-- Dataset content follows --

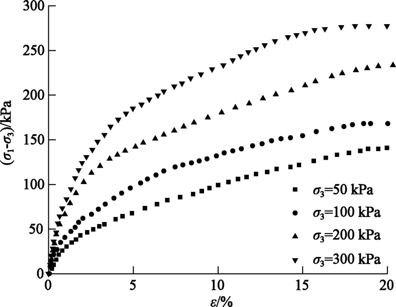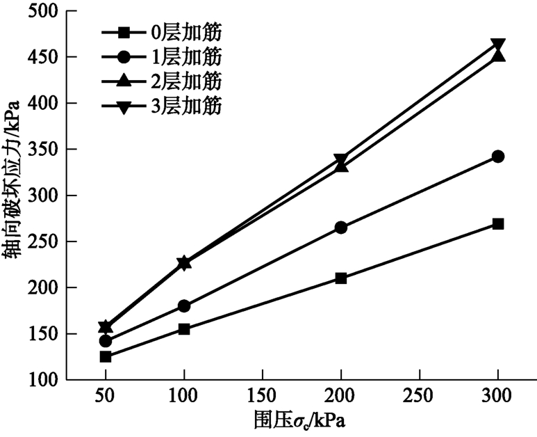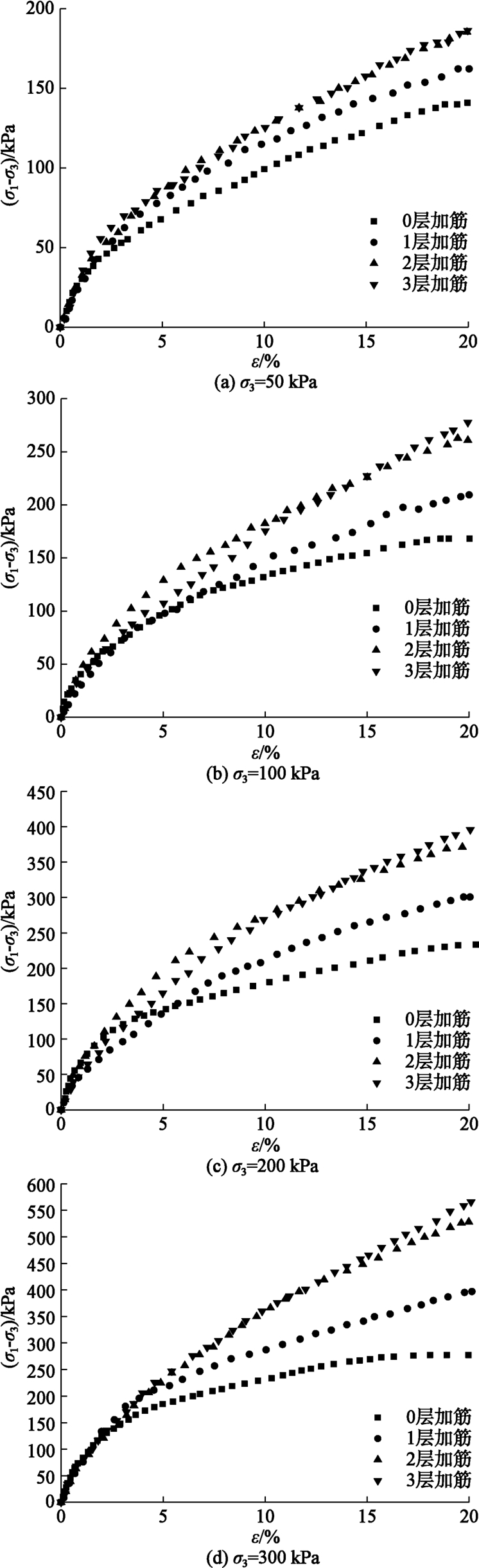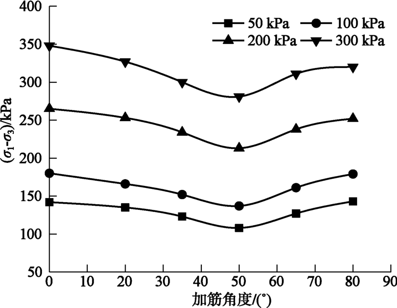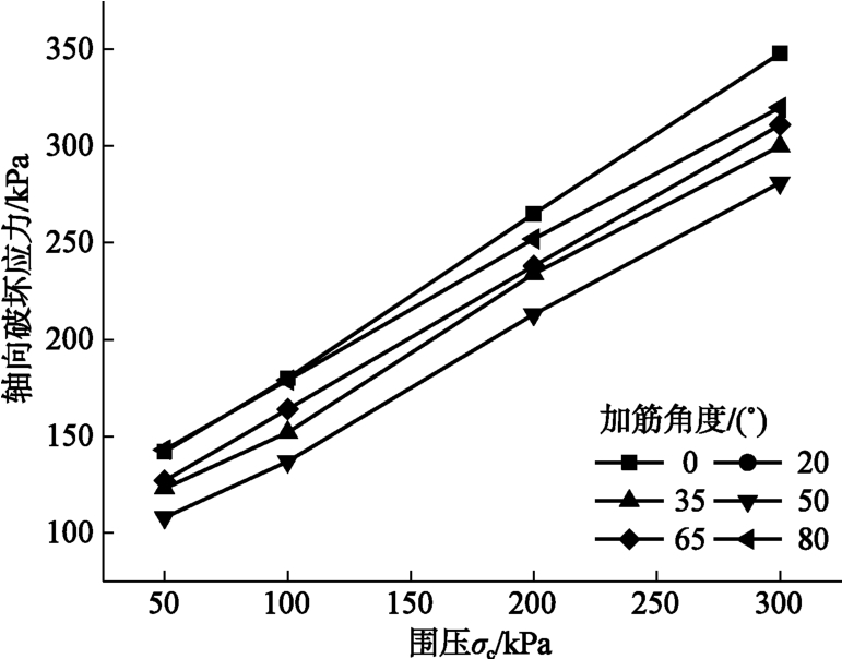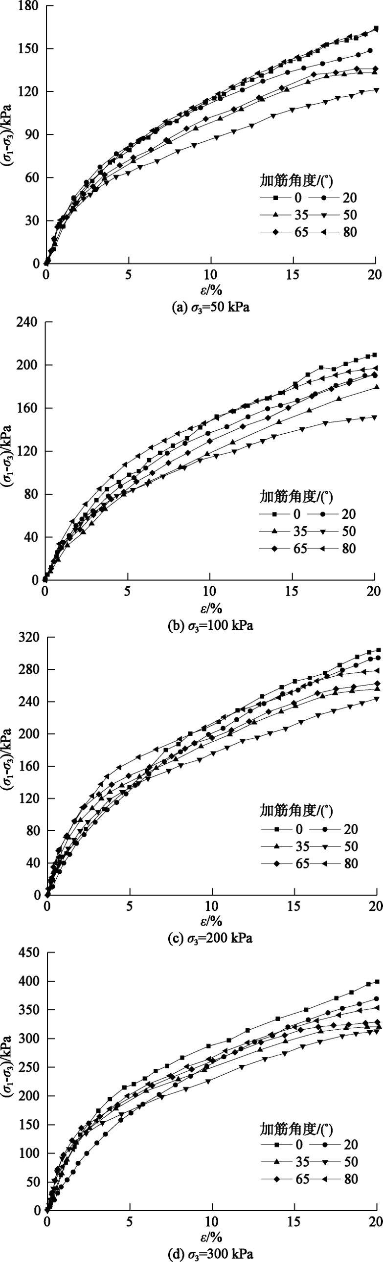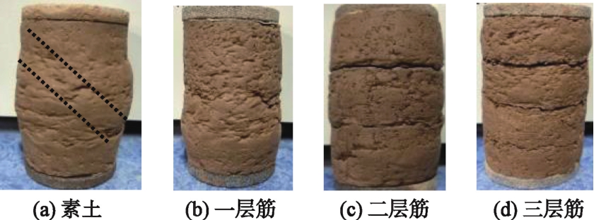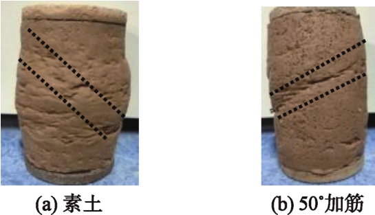 φ/2.The reinforcement effect will only play a role when the axial strain of the loess sample reaches about 3%~5%, indicating that a sufficient deformation condition is required to improve the strength of the soil, in this case, the reinforced material will show its stretchability to improve the shear strength of the soil.
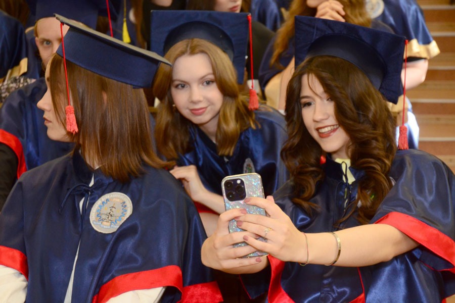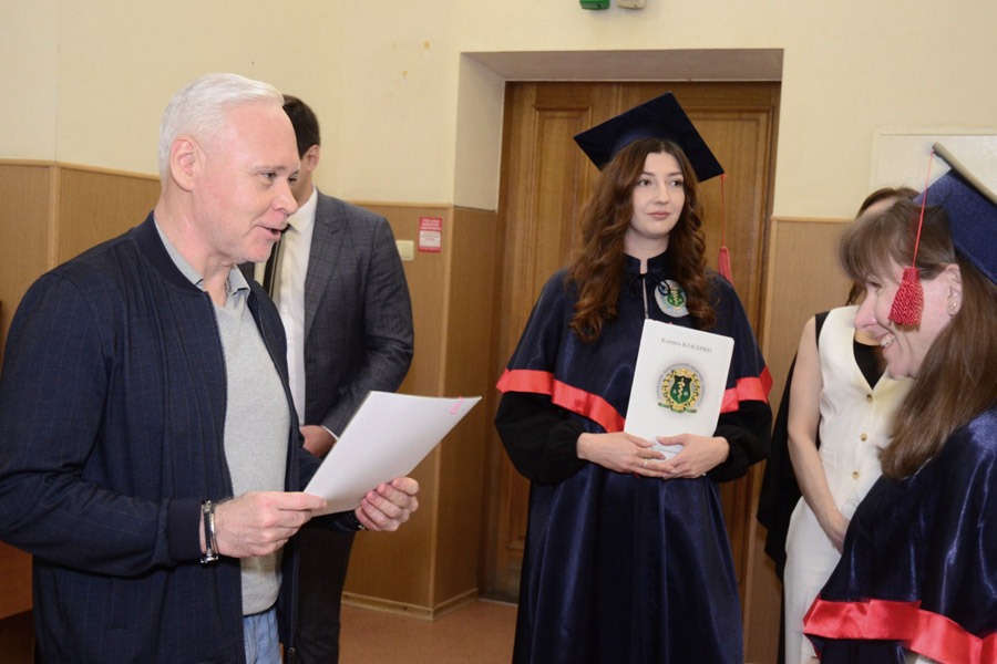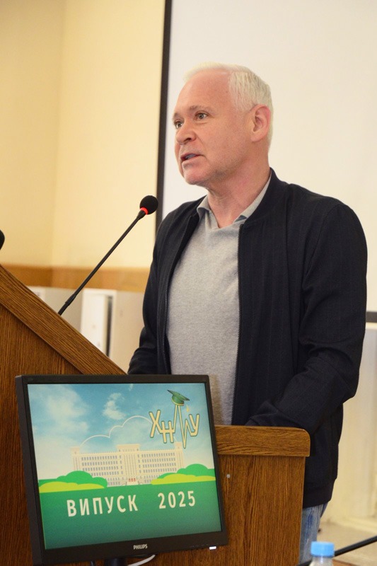 Ректор ХНМУ Валерій М’ясоєдов привітав молодих лікарів словами вдячності й гордості: «Сьогодні збулася ваша мрія – ви отримуєте диплом, який засвідчує не лише факт закінчення університету, а й роки наполегливої праці, отримання знань, відданість справі. У минулому залишаються безсонні ночі, іспити, заліки, сесії, КРОК 1 та КРОК 2. Ваш період навчання прийшовся на важкі часи, і ви не лише навчалися, а й допомагали країні – здавали кров, волонтерили, чергували в лікарнях, бо ви є не лише фахівцями, а громадянами країни, і я щиро дякую вам за людяність та мужність».
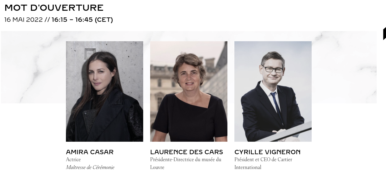 Qui de mieux pour ouvrir la conférence que Laurence des Cars, la Présidente-Directrice du musée du Louvre et Cyrille Vigneron, le Président et CEO de Cartier International ?

-- Dataset content concluded --

- Problem:
Skip the pictures. Return exactly the lines from the one containing "Ректор ХНМУ Валерій" through the end of the data above, both included, and nothing besides.

- Task response:
 Ректор ХНМУ Валерій М’ясоєдов привітав молодих лікарів словами вдячності й гордості: «Сьогодні збулася ваша мрія – ви отримуєте диплом, який засвідчує не лише факт закінчення університету, а й роки наполегливої праці, отримання знань, відданість справі. У минулому залишаються безсонні ночі, іспити, заліки, сесії, КРОК 1 та КРОК 2. Ваш період навчання прийшовся на важкі часи, і ви не лише навчалися, а й допомагали країні – здавали кров, волонтерили, чергували в лікарнях, бо ви є не лише фахівцями, а громадянами країни, і я щиро дякую вам за людяність та мужність».
 Qui de mieux pour ouvrir la conférence que Laurence des Cars, la Présidente-Directrice du musée du Louvre et Cyrille Vigneron, le Président et CEO de Cartier International ?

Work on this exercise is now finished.